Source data
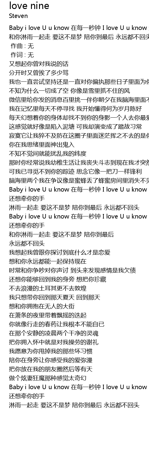 | Baby i love U u know zài měi yī miǎo zhōng I love U u know hái xiǎng qiān nǐ de shǒu | |
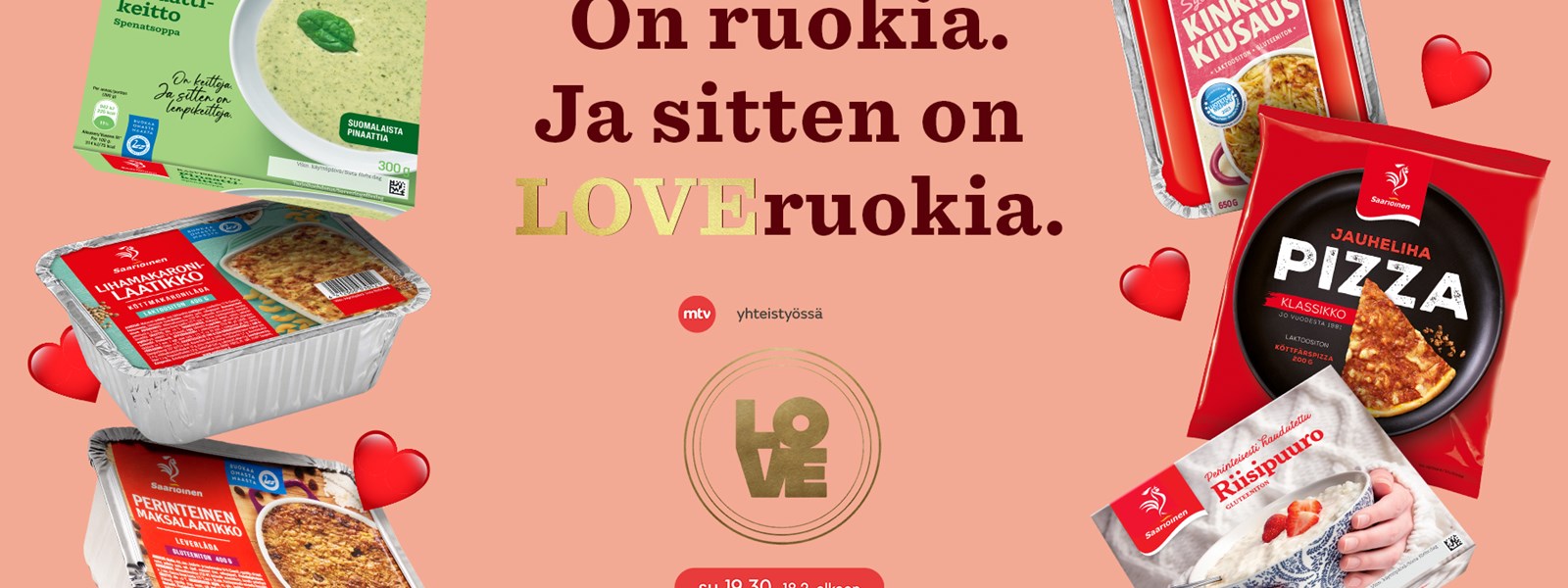 Saarioisten rakastetut klassikot näkyvät LOVE-ohjelman yhteydessä kevään aikana. Ruoan avulla voi välittää rakkautta ja osoittaa toisesta välittämistä, ruoka kokoaa ihmiset yhteen. Saarioisille ruoka ja sen tekeminen on parasta ikinä. Kenen ruokapöytään sinä haluaisit tuoda ripauksen rakkautta?
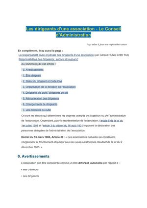 Son domaine de compétence est ladministration de lassociation. Les compétences du conseil dadministration sont déterminées par les statuts de lassociation. Le conseil dadministration. Cette gestion peut être assurée par. Dans la pratique cette fonction est souvent déléguée au président de lassociation. Dans les statuts types le conseil dadministration a des attributions bien définies.
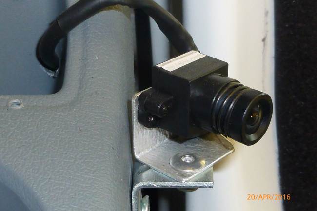 Ho usato queste micro camere; questa è montata sul cruscotto lato passeggero per vedere chi arriva, specie nelle confluenze, quando lo specchietto non è sufficiente.
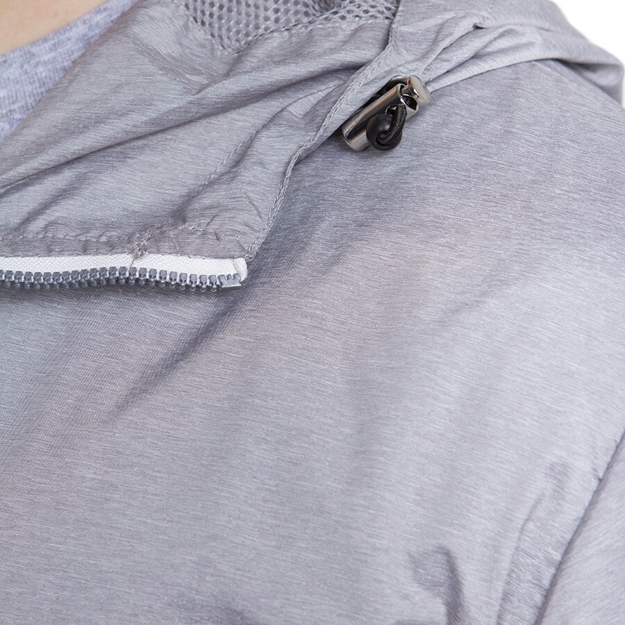 Ветровка водонепроницаемая из нейлона с «сеточкой». Два контрастных кармана на молнии и внутренний карман. Сетчатая подкладка с застежкой-молнией для легкой вышивки. Эластичная резинка по низу изделия и манжетах и регулируемые шнурки на капюшоне.

▸ **GOAL OF THE EXERCISE**
Copy exactly the lines from the first line of the records above through the line with "Saarioisten rakastetut klassikot", both included, and nothing else. Pictures stay out.

▸ **SOLVED EXERCISE**
 | Baby i love U u know zài měi yī miǎo zhōng I love U u know hái xiǎng qiān nǐ de shǒu | |
 Saarioisten rakastetut klassikot näkyvät LOVE-ohjelman yhteydessä kevään aikana. Ruoan avulla voi välittää rakkautta ja osoittaa toisesta välittämistä, ruoka kokoaa ihmiset yhteen. Saarioisille ruoka ja sen tekeminen on parasta ikinä. Kenen ruokapöytään sinä haluaisit tuoda ripauksen rakkautta?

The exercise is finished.